**Data block:**
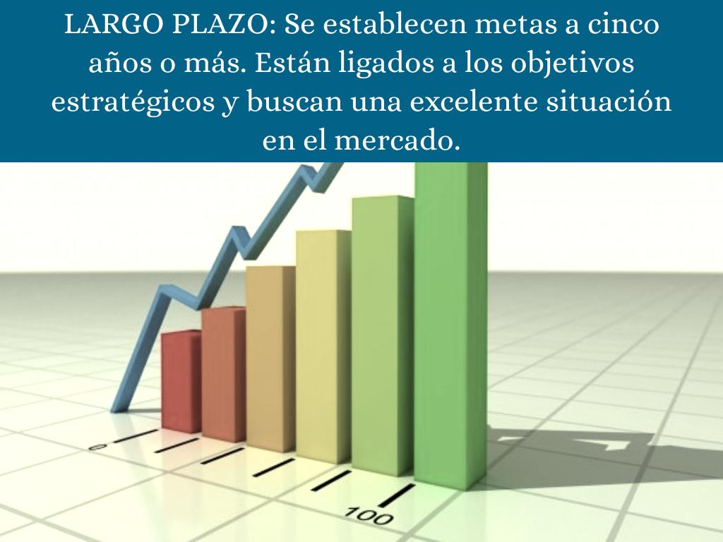 LARGO PLAZO: Se establecen metas a cinco años o más. Están ligados a los objetivos estratégicos y buscan una excelente situación en el mercado.
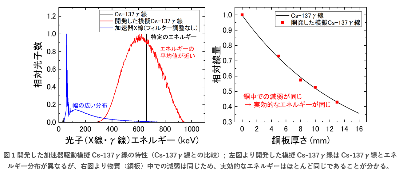 高い線量率のX線場での正確なエネルギースペクトルの実測は測定器の都合上難しいため、X線のエネルギーの測定には、一般的に純金属板中での減弱測定法がよく利用されます。図1 (右)に示すように、開発した加速器X線は、純銅板を用いた際にCs-137からのγ線と同様な減弱であるため、エネルギー分布は異なりますが、実効的にはほとんど同一のエネルギーです。
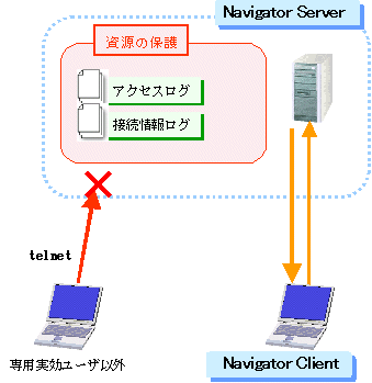 ここでは、Navigator Serverの専用実効ユーザを利用して、以下の重要な資源を保護する方法を説明します。
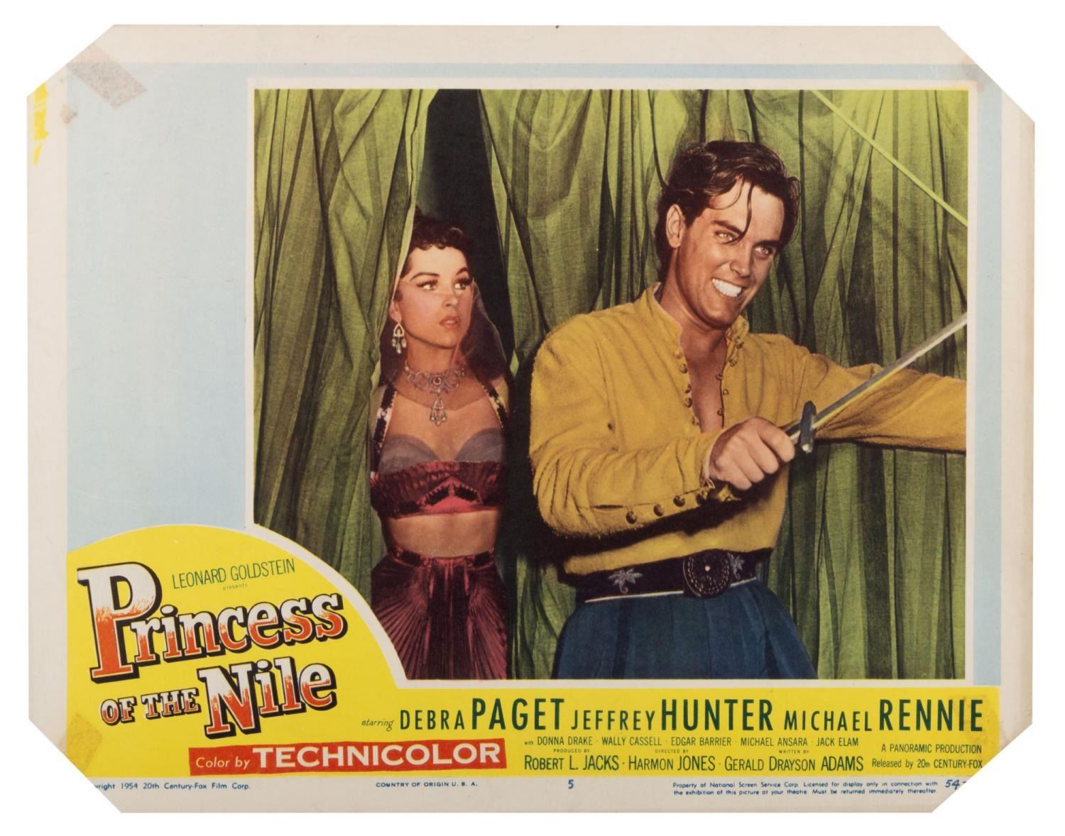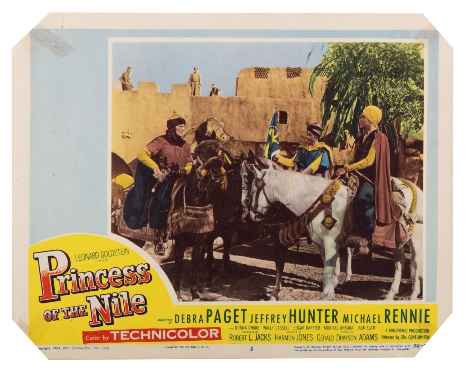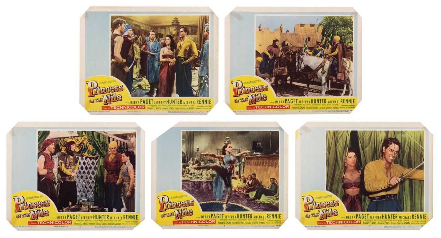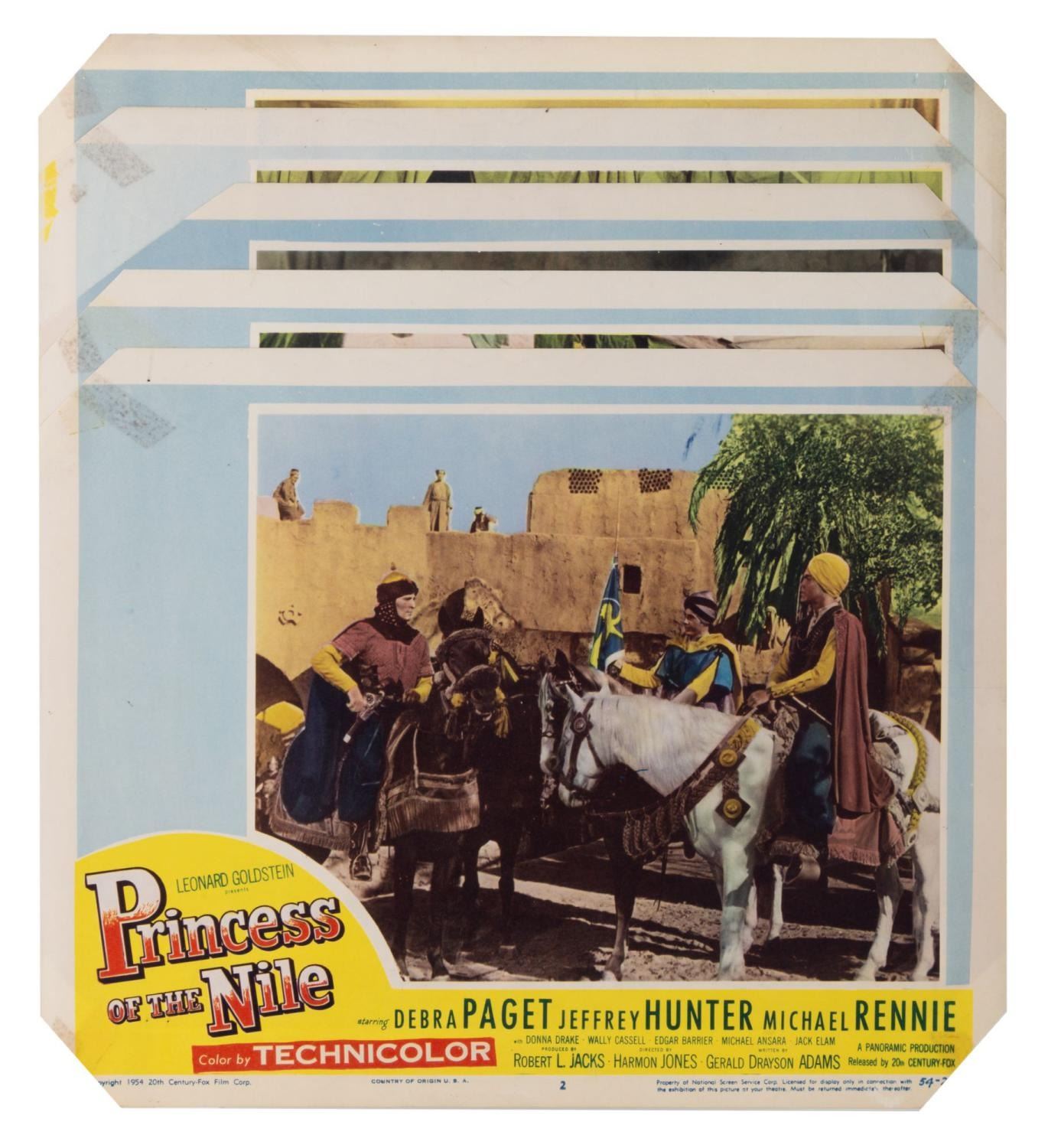 (20th Century Fox, 1954) A collection of five lobby cards for "Princess of the Nile" starring Debra Paget. Measuring 11" x 14" the cards are in fair condition with adhesive tape and adhesive residue, cut corners and soiling.

**Aim of the task:**
Lines before the one containing "ここでは、Navigator" are not wanted; repeat that line and the rest of the listing exactly, leaving out pictures.

**Solution below:**
 ここでは、Navigator Serverの専用実効ユーザを利用して、以下の重要な資源を保護する方法を説明します。
 (20th Century Fox, 1954) A collection of five lobby cards for "Princess of the Nile" starring Debra Paget. Measuring 11" x 14" the cards are in fair condition with adhesive tape and adhesive residue, cut corners and soiling.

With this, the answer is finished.